Course content:
- Introduction to Big data technologies
- Big data analytics in Hadoop
- Big data analytics in Python programming language
- Real-time big data analytics
Big data infrastructure. Big data services. Big data as part of cloud infrastructure. Non-Relational databases. Parallel search and processing of data. MapReduce. Designing big data solution for companies. Big data and knowledge discovery in data.
Hadoop framework for big data. Hadoop tools. HBase databases. HiveQl queries. Using Pig tool for writing MapReduce program. Apache Impala analytical database. Using Ambari tool for monitoring Hadoop jobs execution. Mahout library for machine learning.
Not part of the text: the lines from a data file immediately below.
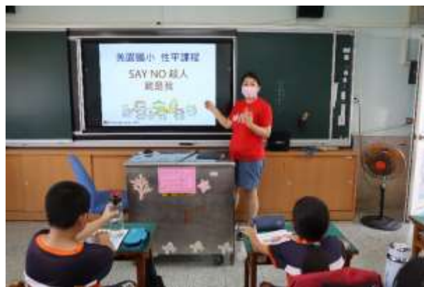
說明：課堂教學—性平
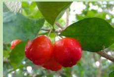
バルバドスチェリー【熱帯果樹室】
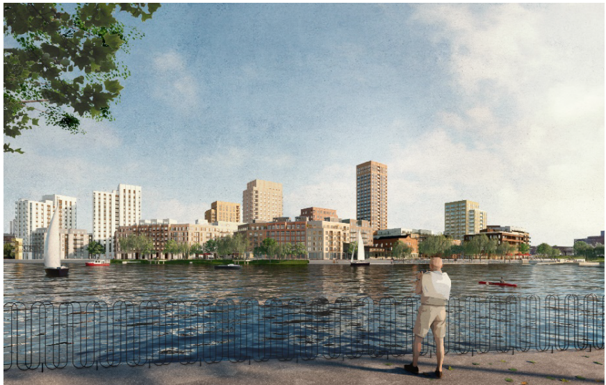
Vy österut från Reimersholme. Bild FOJAB Arkitekter.
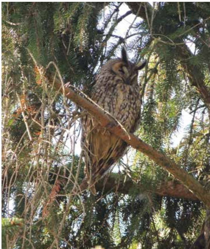
Een ransuil in de grote spar

Houd bij het vierkant van groene heggen rechts aan en vervolg uw weg.
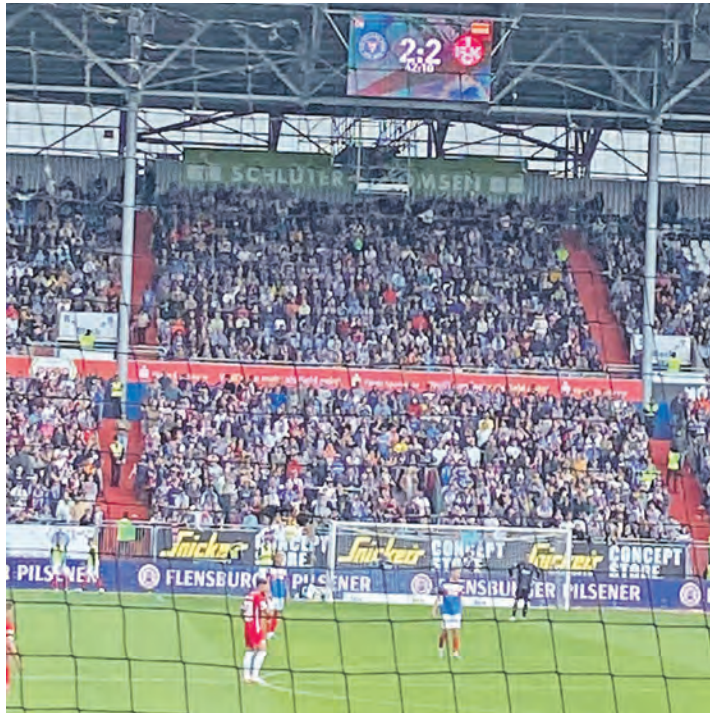
2022: Der letzte Kieler Heimpunkt gegen den FCK.

Kreis Plön (dif). Wenn heute Abend um 20.30 Uhr im KSV-Stadion am Mühlenweg der Anpfiff zum Zweitligaspiel Holstein Kiels gegen den 1. FC Kaiserslautern ertönt, ist die Route klar vorgegeben. Die Störche wollen mit dem zweiten Dreier in Folge weiter den Glauben an den Ligaverbleib aufrechterhalten. Nach dem starken 2:1-Sieg bei Fortuna Düsseldorf geht man gestärkt in diese neunzig Zweitligaminuten gegen die „Roten Teufel“. Mit den wichtigen Toren von Harres und Neki vor einer Woche hat sich der Bundesligaabsteiger etwas aus der bedrohlichen Lage befreien können. Gerettet ist die Elf von Trainer Tim Walter natürlich noch lange nicht. Dieser brachte am Rhein mit Ikem Ugoh aus der 2. Mannschaft einen Neuling, der einen gelungenen Einstand feierte und seine Sache mehr als gut machte. Nur zwei Tage nach dem Kieler Sieg wurde Fortuna-Coach Markus Anfang, der Aufstiegstrainer Holsteins aus dem Jahre 2017, von seinen Aufgaben entbunden. Und so sieht es vor dem Kick gegen Lautern in der unteren Tabellenhälfte aus: Die KSV hat durch den Sieg drei Zähler auf Eintracht Braun-
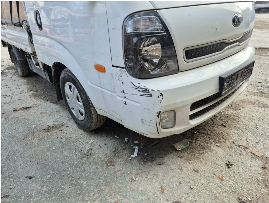
본건 전면부 및 측면
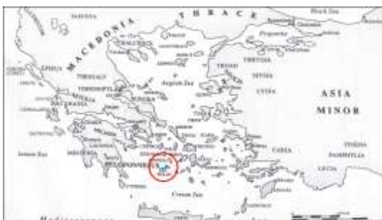
L'isola di Melo e la Grecia classica (figura tratta da: On the Origins of War di Donald Kagan)

"... ci danneggia di più la vostra amicizia, che non l'ostilità aperta: quella, infatti, agli occhi dei nostri sudditi, sarebbe prova manifesta di debolezza, mentre il vostro odio sarebbe testimonianza della nostra potenza" (Tuc. V, 95).
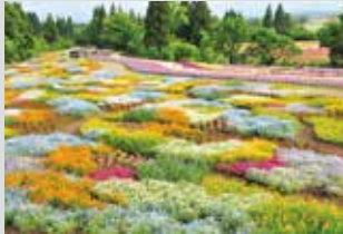
春彩花田 / 4月下旬~5月下旬
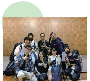
年代を超えて仲良くバドミントンを楽しんでいます。
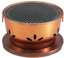
①アルミ炭火コンロ ジャンボ炭火亭
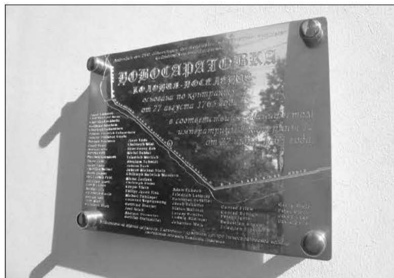
ПАМЯТНАЯ ТАБЛИЧКА УСТАНОВЛЕНА У ВХОДА В ЦЕРКОВЬ

Новосаратовская колония — отдельная, к сожалению, во многом забытая часть российской исто-
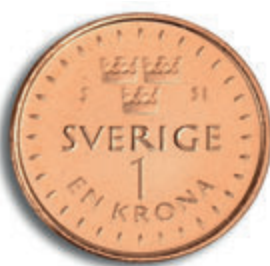
1-krono paluni rig
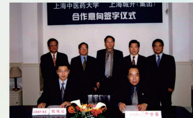
校领导与上海开城集团洽谈学校整体搬迁合作事宜
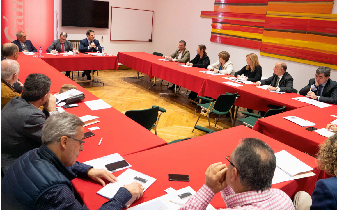
Reunión del Consejo Empresarial de FIDBAN
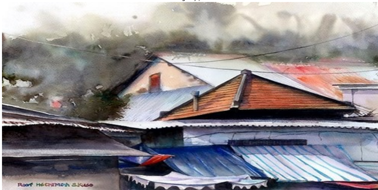
Những căn nhà xập xệ trong khu ổ chuột - góc khuất của thành phố phồn hoa, sôi động.

Một góc phố Sài Gòn mát rượi dưới tán cây xanh, một ngôi nhà cổ nằm lọt thỏm giữa những cửa hiệu hạng sang... Đối lập nhưng tuyệt vời!
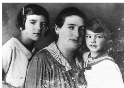
Šmuel s mamou a sestrou
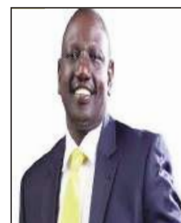
Le président du Kenya William Ruto.

de cette manière. Aussi a-t-il souligné : « J'ai respecté tous les as-

Basic usage of Python for data manipulation and data analysis. Basics of machine learning and usage of Python and Python packages in data analytics and machine learning. Usage of packages: NumPy, Pandas, Bokeh, Agate, SciPy.
Big data analytics in real time. Big data analytics and artificial intelligence. Streaming data. Apache Spark. Development and management of Spark applications. Machine learning in Apache Spark. Data visualization.
Course is free of charge for all participants. Theoretical and practical teaching will be organized in cabinet 304, at Faculty of Organizational Sciences. All the participants are obliged to take a project related to the areas within the course.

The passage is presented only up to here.